The fatal rate of truck-involved crashes is increasing and crashes become more severe than passenger vehicles in recent years. Much research has been dedicated to exploring the truck crash factors while scarce research focused on the intersection scenarios. This study investigates the factors that affect the severity level of truck-involved crashes at cross- and T-intersections. Due to the unobserved heterogeneity inherent in crash data, latent class analysis is firstly conducted to divide the crash dataset into relatively homogeneous clusters. Considering the ordinal feature of the severities, general ordered logit models are subsequently developed to further explore the specific factors within each cluster.

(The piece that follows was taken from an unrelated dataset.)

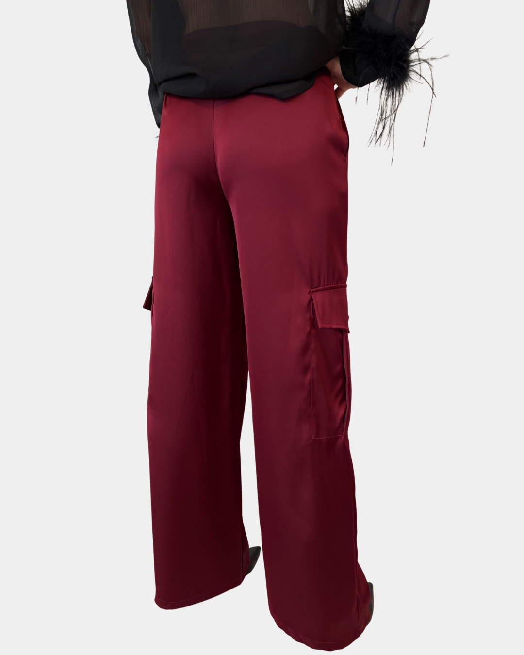 - Pantalone cargo in raso, vita medio alta, gamba dritta, due tasche filetto laterali, chiusura frontale con zip e bottone

This study uses the North Carolina’s truck-involved crash at intersection data during 2005 to 2017 from the Highway Safety Information System (HSIS). The estimated parameters and associated marginal effects are combined to interpret the impact of the significant variables within specific clusters. Many factors are found to contribute to the severities, and T-intersection is found to be safer than cross-intersection. For driving behaviors, followed too closely, disregarded signs, disregarded signals, failed to yield, and exceeded speed are found to be top five factors that increase the crash severity at intersections. These results indicate that distraction and speed limits violation always result in severe injury for humans involved in the truck crashes at the intersections. The results of this research provide more reliable analysis for the impact factors of truck-involved crashes at intersections to engineering practitioners and researchers.
Song, L. & Fan, W.D. (2021). Exploring truck driver-injury severity at intersections considering heterogeneity in latent classes: A case study of North Carolina. International Journal of Transportation Science and Technology 10(2), 110-120.